- Revenue of $194.4 million, compared to $163.8 million in second quarter 2024
- Modified 2025 revenue guidance of $850 – $900 million
- Net income of $35.1 million, compared to $35.5 million in second quarter 2024
- Cash and investments of $515.0 million at June 30, 2025
- Acquired $115.4 million of Corcept common stock in second quarter 2025
REDWOOD CITY, Calif.--(BUSINESS WIRE)--Corcept Therapeutics Incorporated (NASDAQ: CORT), a commercial-stage company engaged in the discovery and development of medications to treat severe endocrinologic, oncologic, metabolic and neurologic disorders by modulating the effects of the hormone cortisol, today reported its results for the quarter ended June 30, 2025.


Financial Results
“The second quarter marked another period of robust growth in our hypercortisolism business. Once again, we had a record number of new prescribers and a record number of new patients receiving treatment. Physicians increasingly recognize hypercortisolism’s true prevalence and the necessity of appropriate treatment, which has led to increased screening and diagnosis. Our financial results don’t fully reflect this surge in demand, which outpaced our specialty pharmacy vendor’s capacity.

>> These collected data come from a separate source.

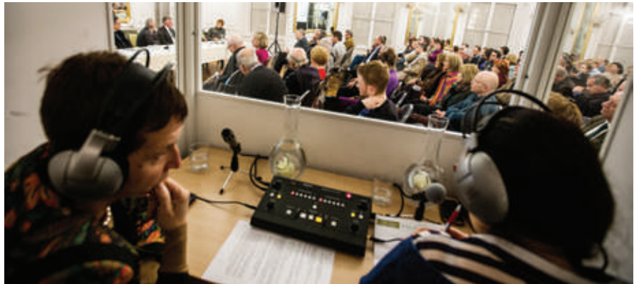
Die Diskussion wurde simultan gedolmetscht, sodass auch nichtungarischsprachige Gäste die Möglichkeit hatten, Fragen an Németh und die anderen Teilnehmer zu richten.

Németh antwortete überaus ausführlich, was das zahlreich erschienene Publikum sichtlich genoss: Hier sprach jemand, der Einblicke in für Außenstehende kaum bekannte Details in die inneren Zirkel der damaligen Macht gab. Er berichtete über die äußerst schwierigen Bedingungen, unter denen im hochverschuldeten
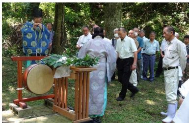
登山者安全祈願祭

7月29日（土）第72回平尾台観光まつりが開催されました。澄み渡る青空の下、小学生の開会宣言に始まり、セレモニーやコンサート、総踊りとさまざまなイベントを行うことが出来ました。今年は、地元のバザーやキッチンカーなどの出店もあり、活気をとり戻し賑わいました。また、東谷地区の多くの皆さまにご協賛いただき、盛大な花火もあがり、約5100人の方が来場し、楽しいひと時を過ごしていただけたのではないかと思います。皆さまありがとうございました。
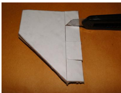
Figura 3. Detalhe do corte da aleta
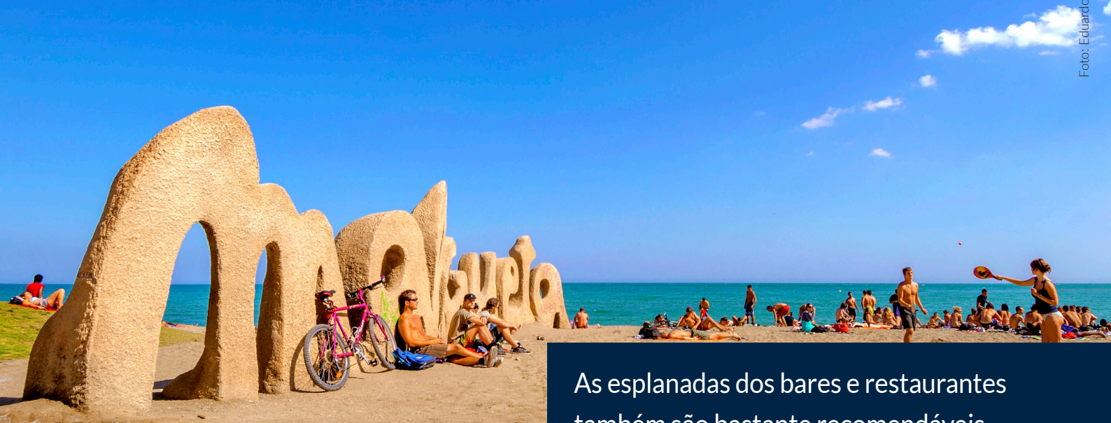
PRAIA DE LA MALAGUETA MÁLAGA

As esplanadas dos bares e restaurantes também são bastante recomendáveis, principalmente ao entardecer, quando poderás desfrutar de um pôr-do-sol inesquecível.
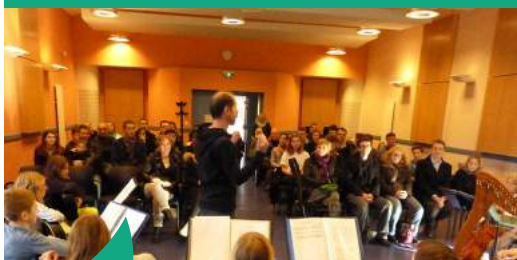
Des auditions ont lieu régulièrement pour permettre aux élèves de partager leurs apprentissages
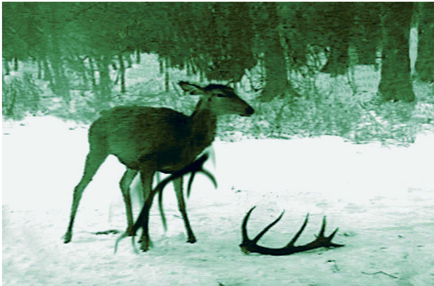
APSOLUTNO: Atrófia | A.trophy, állókép | video still, 2002 © Zoran Pantelic

valamint művek a Ludwig Múzeum gyűjteményéből | and works from the collection of the Ludwig Museum BÓDY Gábor, FREY Krisztián, GULYÁS Gyula, SZOMBATHY Bálint
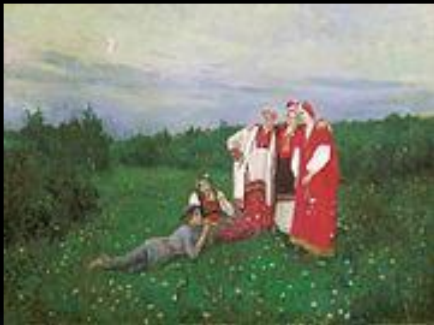
Северная идиллия .
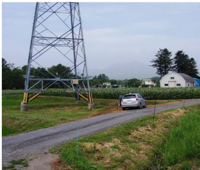
鉄塔脇での RTK 精度調査の様子 （乗用車に RTK 受信機を設置して調査）

その結果、40km 程度離れた地点でも RTK フィックス時間および平均座標からの精度に問題がないことを確認しました。さらに、ホクレン苫小牧支所（苫小牧市若草町）においても長沼基地局（距離 38.3km）からの精度を測定したところ問題はありませんでした。なお、同日、高圧電線の鉄塔や防風林などの障害物が RTK に及ぼす影響についても調査を行いましたが、これらの付近では精度が低下する結果となりました。
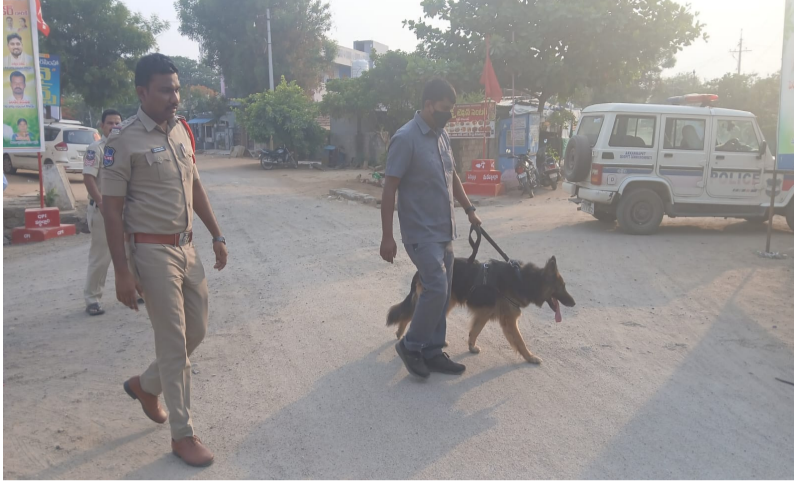
నార్కోటిక్ డాగ్స్ తో తనిఖీ చేస్తున్న దృశ్యం

హుస్సాబాద్ (అక్కన్నపేట), మే 19 అక్కన్నపేట పోలీస్ స్టేషన్ పరిధిలో గంజాయి, ఇతర మత్తు పదార్థాల నిర్మూలనకు ఎస్పి చాతరాజు ప్రశాంత్ అధ్యక్షతన పోలీసు సిబ్బంది మంగళవారం రోజున చర్యలు చేపట్టారు. గౌరవెల్లి గోవర్ధన్ గిరి గ్రామాలలో నార్కోటిక్ డాగ్స్ సహాయంతో ప్రత్యేక తనిఖీలు నిర్వహించారు. కిరాణి షాపులు టీ కొట్టులు పాన్ షాపులు, ఇతర అనుమానాస్పద ప్రాంతాలలో ఆకస్మిక తనిఖీలు చేపట్టి మత్తు పదార్థాలపై పటిష్ట నిఘా ఏర్పాటు

We expect improved performance by our current vendor, as well as contribution from a second pharmacy that is coming online soon, in the coming quarters and have modified our 2025 revenue guidance to $850 – $900 million,” said Joseph K. Belanoff, M.D., Corcept’s Chief Executive Officer.
Corcept’s second quarter 2025 revenue was $194.4 million, compared to $163.8 million in the second quarter of 2024. Second quarter 2025 operating expenses were $167.8 million, compared to $128.2 million in the same period last year. Net income per common share (diluted) was $0.29 in the second quarter of 2025, compared to $0.32 in the second quarter of 2024.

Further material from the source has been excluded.